GERECHTSHOF ’s-HERTOGENBOSCH

Afdeling civiel recht
zaaknummer 200.220.963/01 en 200.221.230/01
arrest van 27 november 2018
in de zaken van

1.[appellant] ,wonende te [woonplaats] ,

hierna aan te duiden als [appellant] ,
2.
[appellante],
wonende te [woonplaats] ,
hierna aan te duiden als [appellante] ,
appellanten in principaal hoger beroep,
geïntimeerden in incidenteel hoger beroep,
advocaat: mr. F.H. Tak te Rotterdam,
tegen
[geïntimeerde],
wonende te [woonplaats] ,
hierna aan te duiden als [geïntimeerde] ,
geïntimeerde in principaal hoger beroep,
appellant in incidenteel hoger beroep,
advocaat: mr.
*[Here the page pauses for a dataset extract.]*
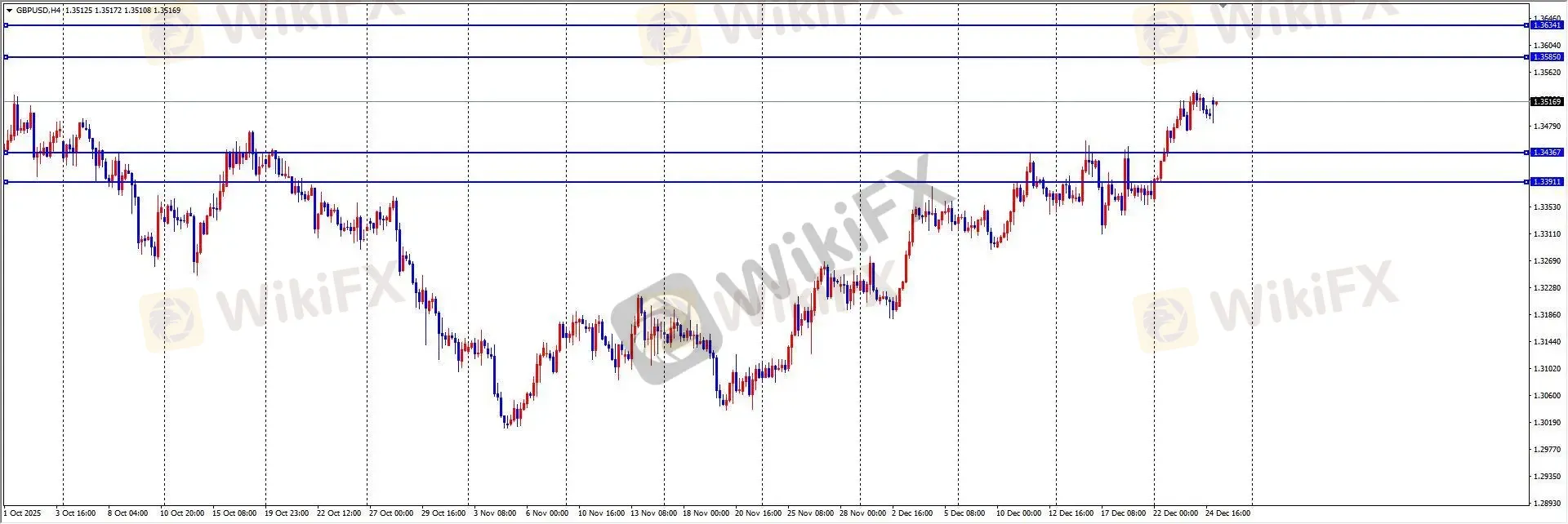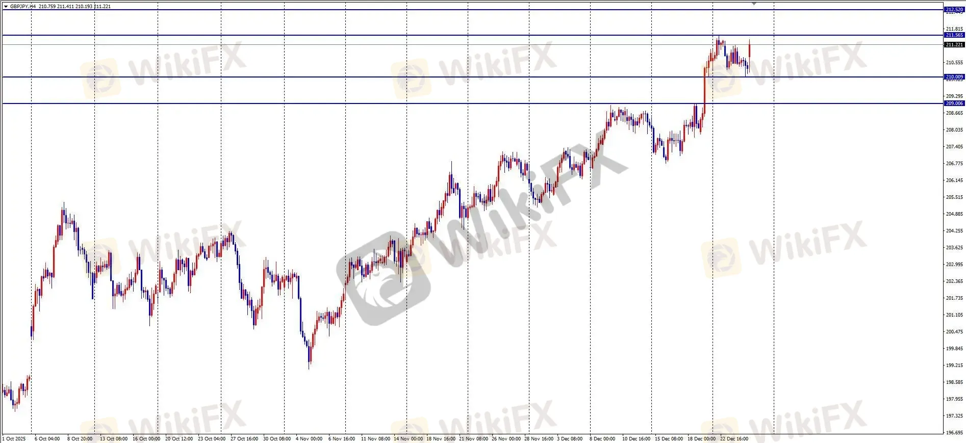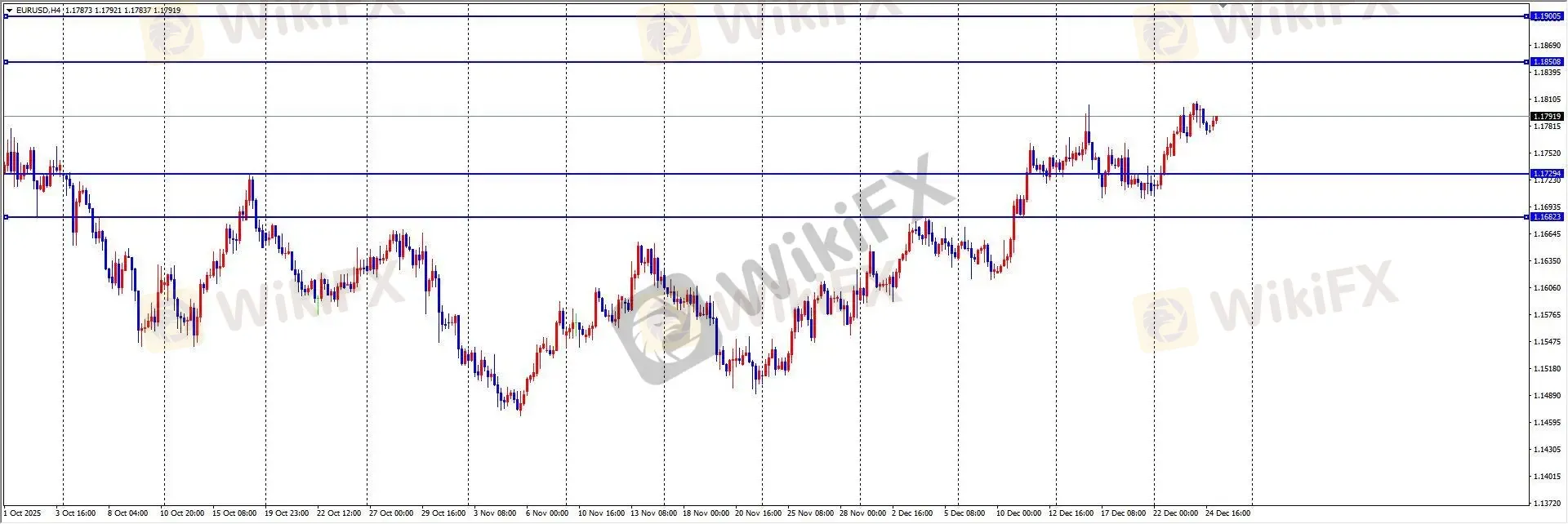 周三欧元区消息面对欧元构成潜在支撑,市场认为官方需求可能在未来数月增强。美国初请失业金人数降至 21.4 万,但就业市场整体仍显低迷。汇价冲高至 1.1807 后回落,全日波动约 35 点,日线收小阴线。整体因临近圣诞假期,市场交投清淡,维持高位震荡格局。

I.M.C.A. Reinders Folmer te Amsterdam,
als vervolg op de door het hof gewezen tussenarresten van 30 januari 2018 en 29 mei 2018
in het geding na verwijzing door de Hoge Raad bij arrest van 19 mei 2017 (ECLI:NL:HR:2017:939).

8.Het tussenarrest en het verdere verloop van de procedure

8.1.
In het tussenarrest van 29 mei 2018 heeft het hof [geïntimeerde] in de gelegenheid gesteld om ten aanzien van een drietal geschilpunten (tegen)bewijs te leveren; iedere verdere beslissing is aangehouden.
8.2.
[geïntimeerde] heeft afgezien van bewijslevering.
8.3.
[geïntimeerde] heeft een memorie na niet gehouden enquête genomen en [appellant] en [appellante] een antwoordmemorie na niet gehouden enquête.
8.4.
Het hof heeft vervolgens een datum voor arrest bepaald.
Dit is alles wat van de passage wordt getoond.